AIM OF THE EXERCISE: Copy the data exactly. Images are the one exception.

DATA SECTION:
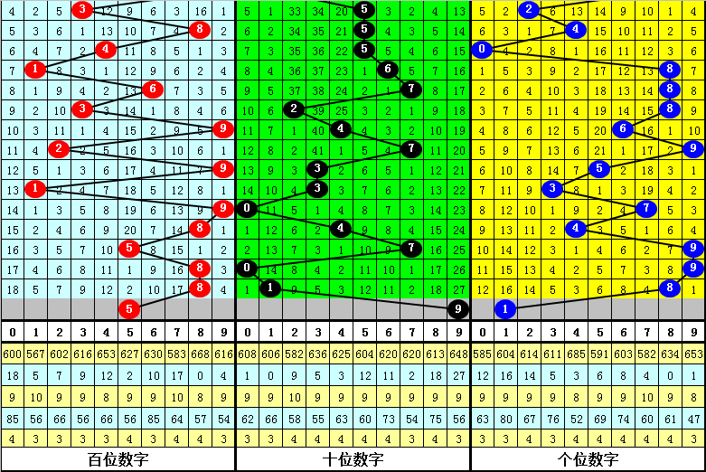 个位走势:最近10期出现在3-9之间,跨度为7点,开出范围较大,上期出现号码8,下降1点,本期注意该位走小。另外,最近10期该位012路号码比为5:2:3,1路走势较冷,本期注意1路出现,关注号码1。
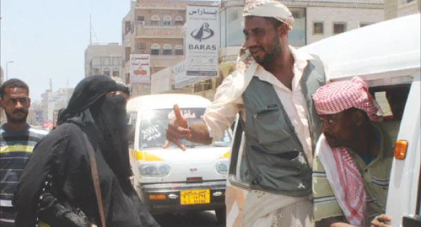 يمنية حامل في شهرها الثامن، مؤيدة للحراك الجنوبي في اليمن تحمل بندقية في منطقة الشيخ عثمان في مدينة عدن أمس (أ.ف.ب)
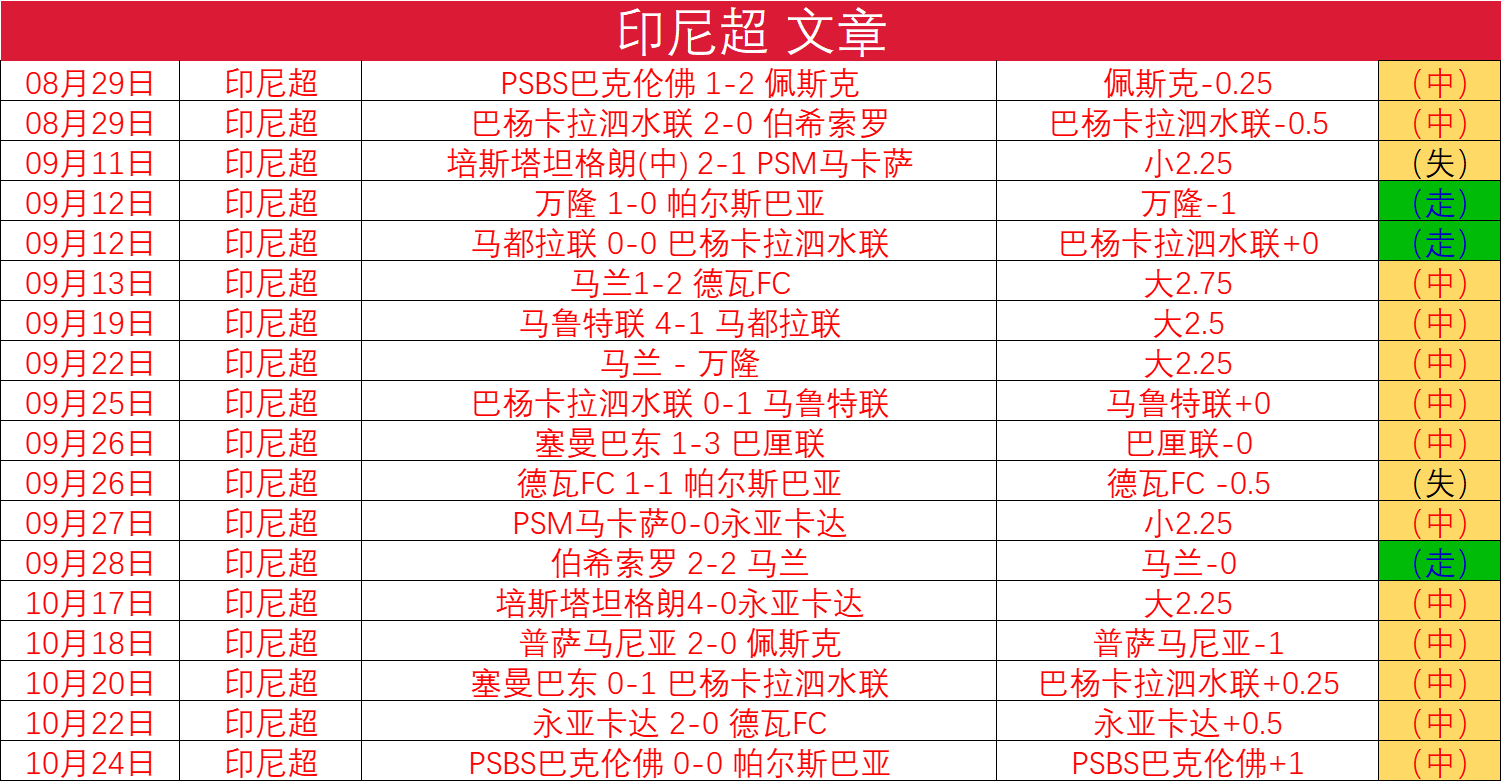 最近更新:2025-10-26 09:30 印尼超近9胜率89%近8中6
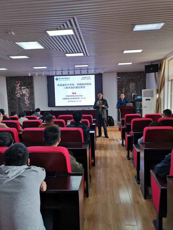 2019年11月21日上午10点,应我院邀请,中国科学院大学顾波副教授我院师生做了一场主题为“高温磁性半导体:窄能隙系统和二维系统的理论研究”的学术报告报告会由丁开和院长主持,部分老师、本科生和全体研究生参加了此次讲座。

ANSWER BOX:
 个位走势:最近10期出现在3-9之间,跨度为7点,开出范围较大,上期出现号码8,下降1点,本期注意该位走小。另外,最近10期该位012路号码比为5:2:3,1路走势较冷,本期注意1路出现,关注号码1。
 يمنية حامل في شهرها الثامن، مؤيدة للحراك الجنوبي في اليمن تحمل بندقية في منطقة الشيخ عثمان في مدينة عدن أمس (أ.ف.ب)
 最近更新:2025-10-26 09:30 印尼超近9胜率89%近8中6
 2019年11月21日上午10点,应我院邀请,中国科学院大学顾波副教授我院师生做了一场主题为“高温磁性半导体:窄能隙系统和二维系统的理论研究”的学术报告报告会由丁开和院长主持,部分老师、本科生和全体研究生参加了此次讲座。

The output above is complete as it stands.